Saved data entries:
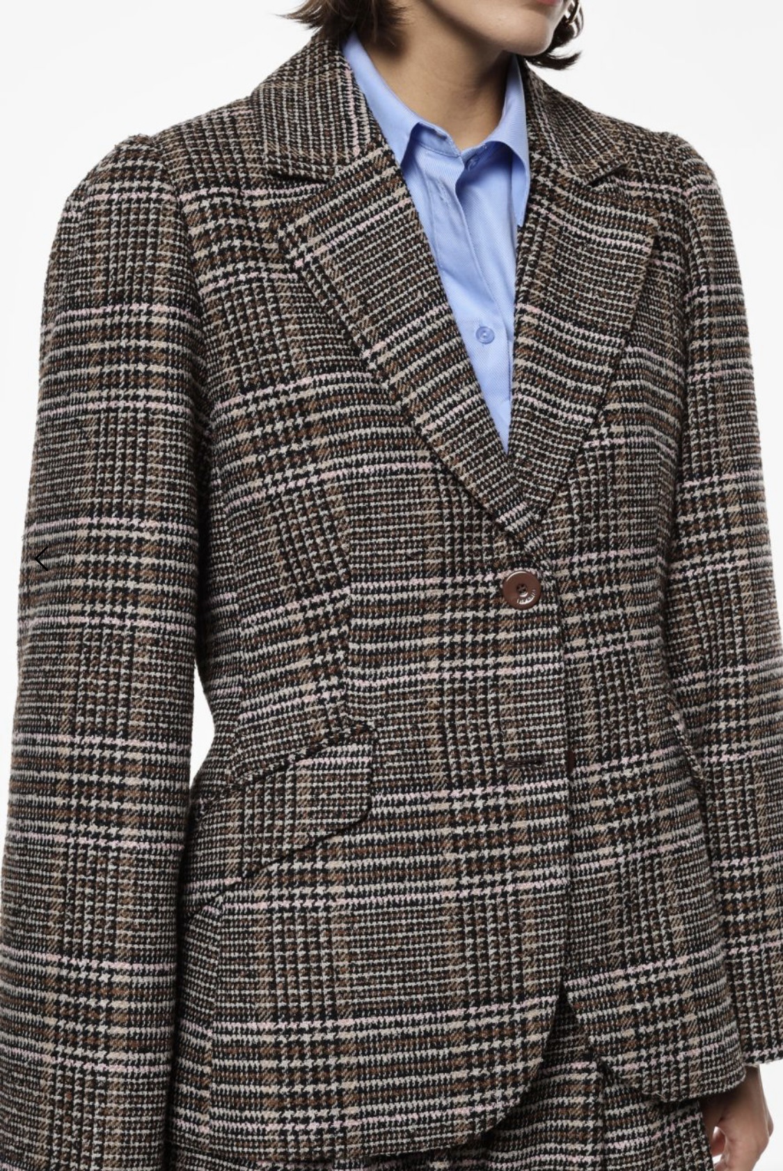 Blazer dalla silhouette strutturata, caratterizzato da un raffinato motivo check. La chiusura a due bottoni valorizza il revers classico e le tasche a patta donano funzionalità al design. Perfetto per creare abbinamenti ricercati e distintivi, ideale per un guardaroba metropolitano che privilegia versatilità e dettagli grafici d’impatto.
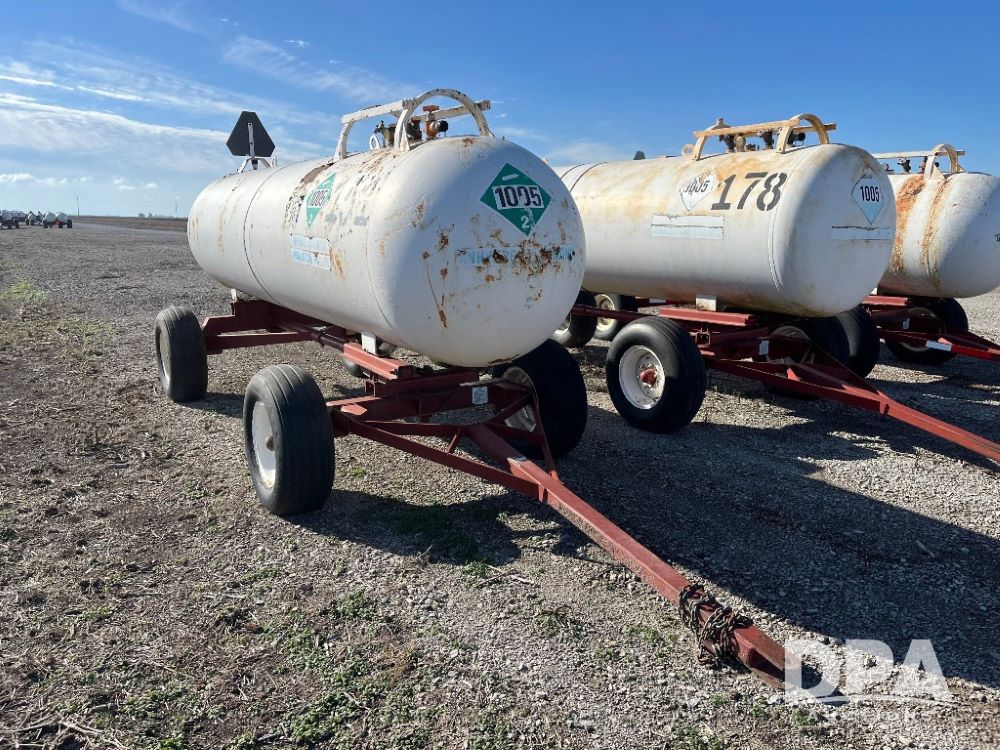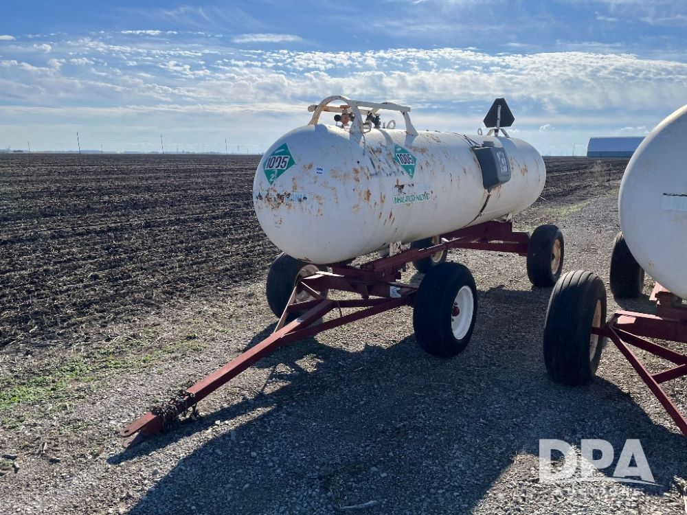 NH3 Nurse Tank (JN3349), 1,000 gallon NH3 nurse tank, top front fill, running gear, poly water tank, data plate, 11L-15 tires.
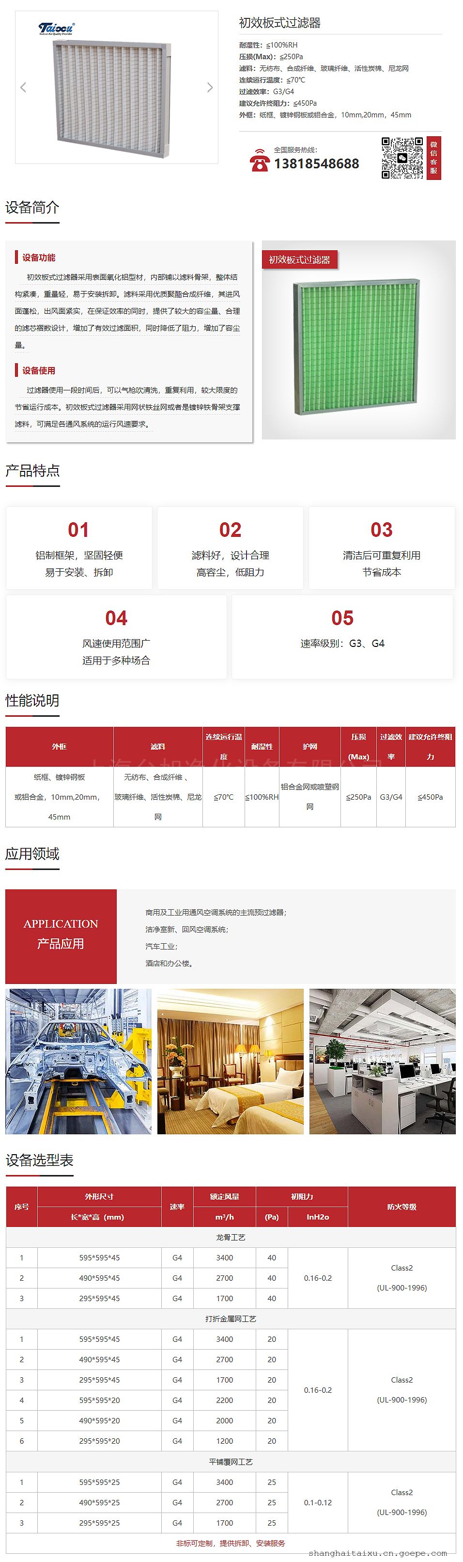板式初效空气滤网 空调前置预过滤 大型空压机预过滤器
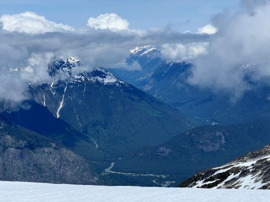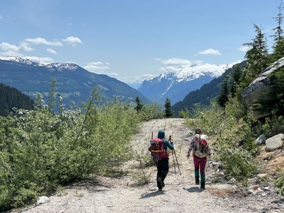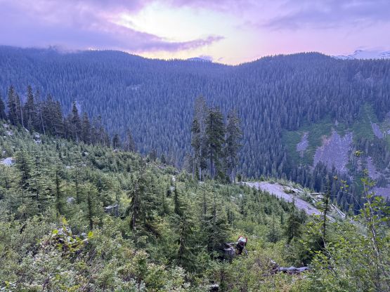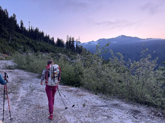 Exodus Peak, one of the major summits on Pemberton Icefield was used to be approached from the west via spur roads off the Elaho Main but there hadn’t been any update in the recent era. A few years ago a “new” access from Carnival Creek to the SE had been published on Facebook. I wanted to take advantage of those roads when they are still in drivable shape. I did my own optimization by drawing a route directly over “Fringe Peak” as I thought this could avoid the nasty bushwhacking that Phil etc. had encountered at the very beginning, but that stayed only in theory. In any case Elise, Miranda and I made the decision to check out the area via my proposed route. I finished work at around 7 pm and the three of us made to Squamish Valley about 2 hours later. The Squamish River FSR was in a terrible shape with a shit ton amount of pot-holes so the driving was slow and tedious. The road conditions actually became better after passing the Elaho Main turn-off. The Carnival Creek FSR was not too bad and the “impasse” that parties had encountered over the past several years had even been fixed. We were able to push the Subaru to literally the drivable end at 950 m elevation and there’s plenty space to turn around, park and set up the tent for car-camping.
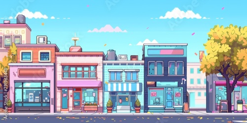 A street scene with a row of colorful buildings and a tree in the foreground. The buildings are brightly colored and the sky is blue
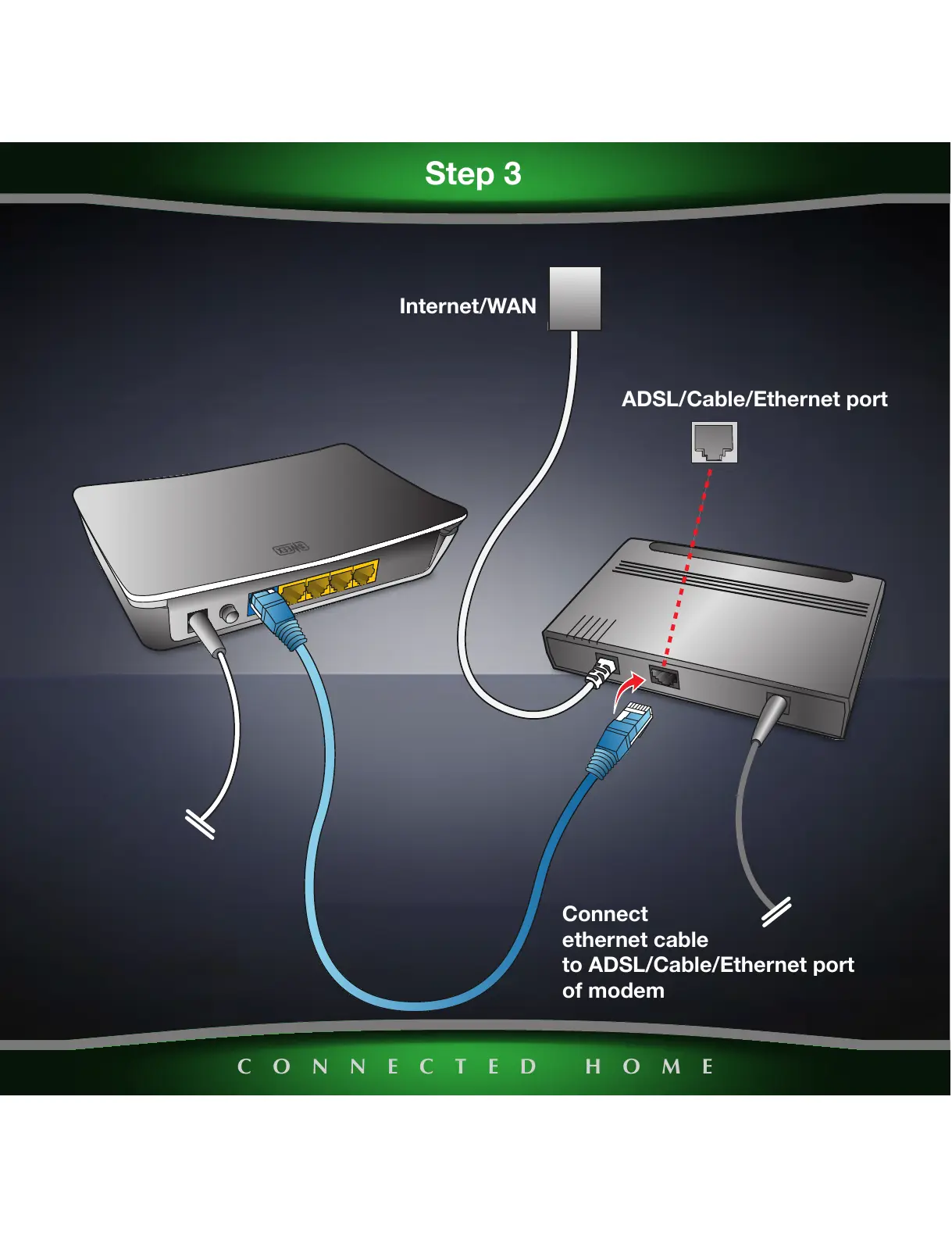 SWEEX LW160 - Step 3: Connect to Modem; Connect ethernet cable to ADSL;Cable;Ethernet port of modem
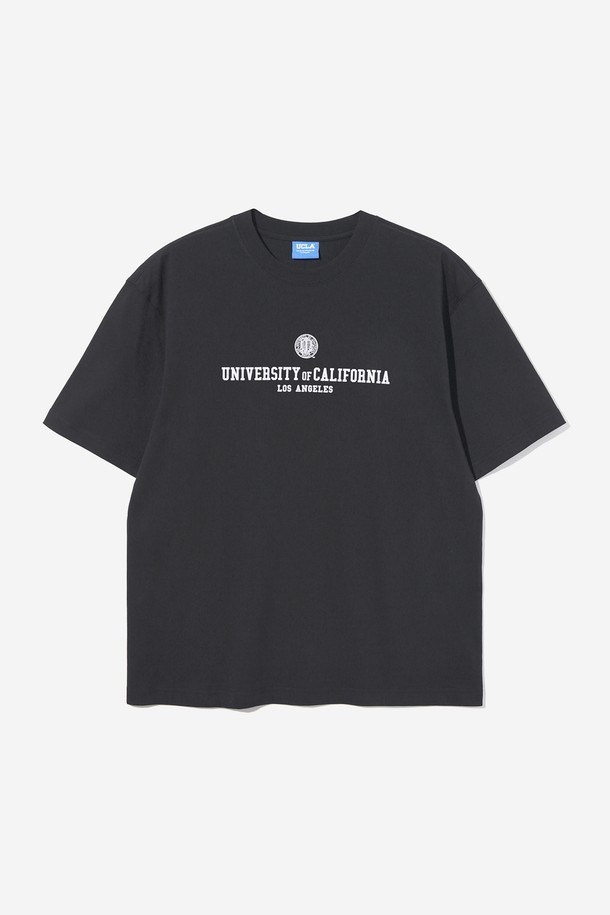 남성 유니버시티 스몰 레터링 오버핏 티셔츠[BLACK](UB6ST11_39)
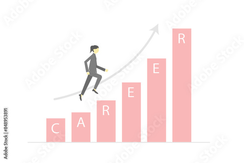 Female boss leader standing on bar chart top and male employee falling down from it, flat vector illustration. Feminism concept.
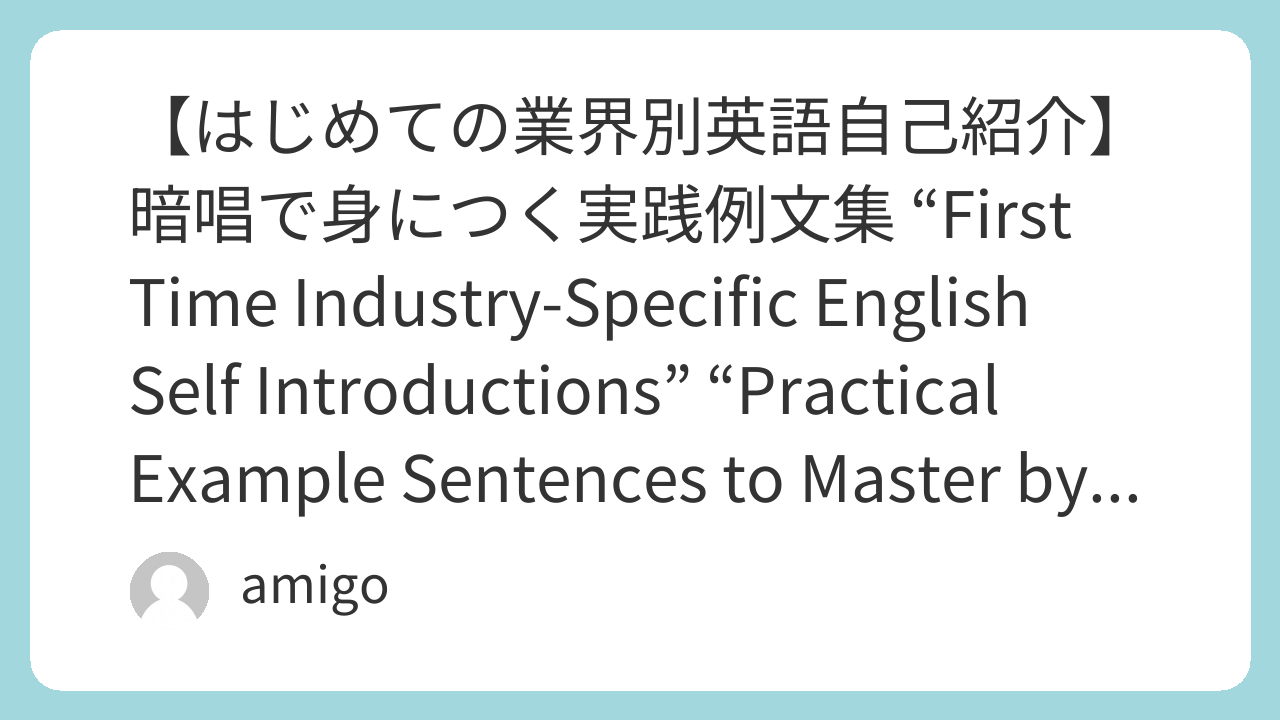 【はじめての業界別英語自己紹介】暗唱で身につく実践例文集 “First Time Industry-Specific English Self Introductions” “Practical Example Sentences to Master by Memorization”
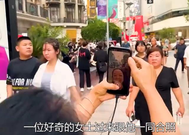 虽然上海的街头很多外国游客,但印度人还是比较少见的,很快一位女士走了过来,想要和他一起合照。
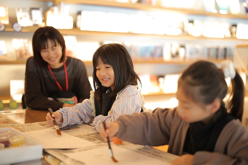 マニラ麻や竹などの植物を原料とした和紙を使用し、太陽光で充電して発光するオリジナルのソーラーランタンを作りができる「ソーラーランタンづくり体験」では、小学生や未就学児のいる家族が多く参加し、子どもたちはシェードとなる和紙に特殊な顔料の粉をふりかけ、自分でデザインを作成し、アイロンをかけて熱で色を紙に染め付ける作業に熱中した。
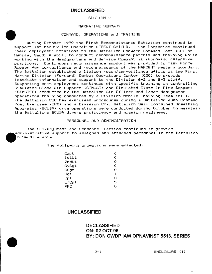 Document 3 f:/Week-38/BX600020/COMMAND CHRONOLOGY 1ST RECONNAISSANCE BATTALION OCT 1990/narrative summary command operations training:10049613404512
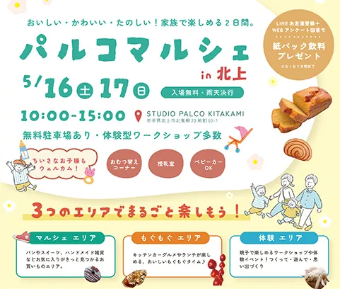 スイーツやごはん、ハンドメイド、ふわふわやお子様体験などイベント盛りだくさん|北上パルコマルシェ
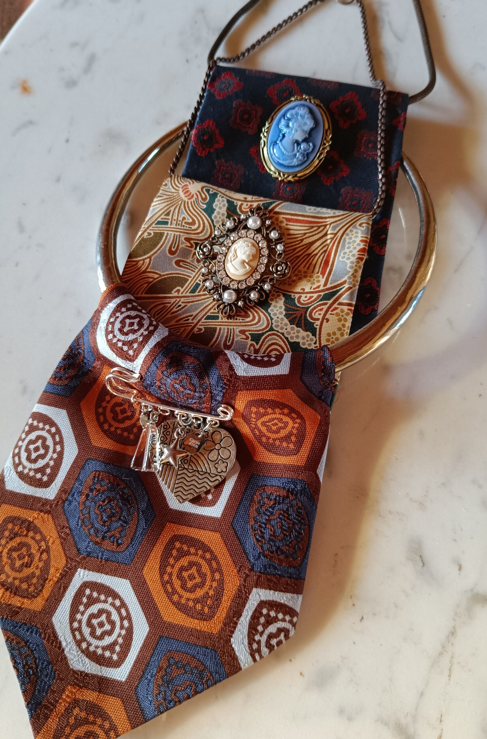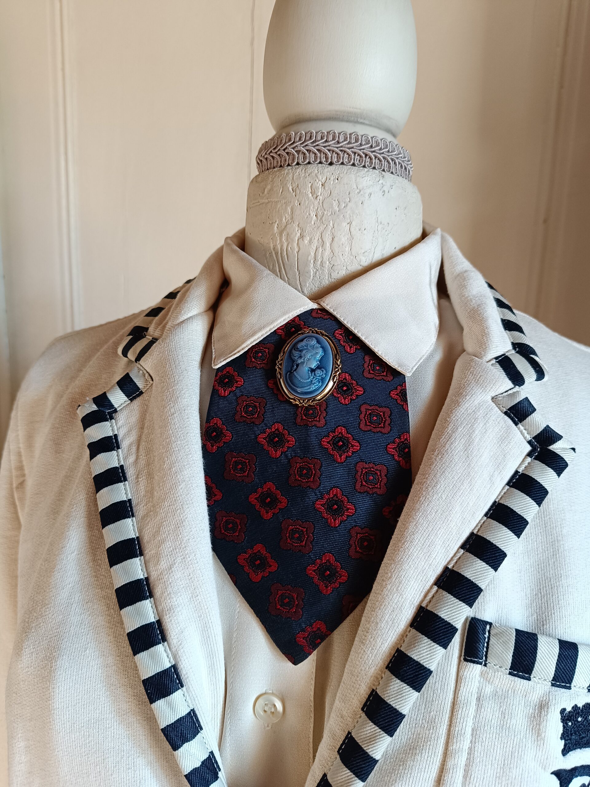 Cette cravate upcyclée a été entièrement réalisée dans mon atelier en Dordogne, à partir d’une cravate ancienne soigneusement sélectionnée.
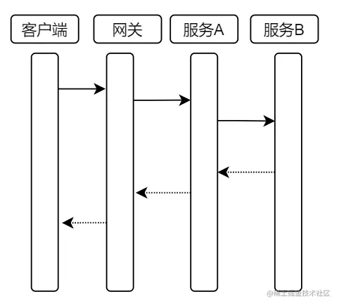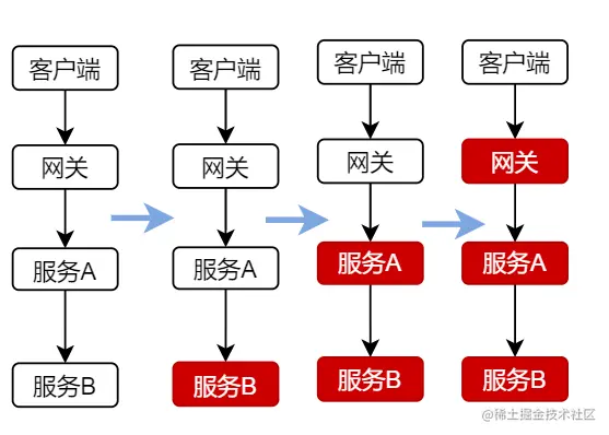 还是上面的一个熟悉场景,正常的 客户端 – 网关 – 服务A – 服务B 请求过程中,上面展示了三个阶段,这也是服务雪崩一般的 3 个阶段

* [How to complete this task]: The expected output is an exact copy of the lines from the top of the data above through the line containing "板式初效空气滤网 空调前置预过滤 大型空压机预过滤器", both included, with every picture omitted.

* [Reply]:
 Blazer dalla silhouette strutturata, caratterizzato da un raffinato motivo check. La chiusura a due bottoni valorizza il revers classico e le tasche a patta donano funzionalità al design. Perfetto per creare abbinamenti ricercati e distintivi, ideale per un guardaroba metropolitano che privilegia versatilità e dettagli grafici d’impatto.
 NH3 Nurse Tank (JN3349), 1,000 gallon NH3 nurse tank, top front fill, running gear, poly water tank, data plate, 11L-15 tires.
板式初效空气滤网 空调前置预过滤 大型空压机预过滤器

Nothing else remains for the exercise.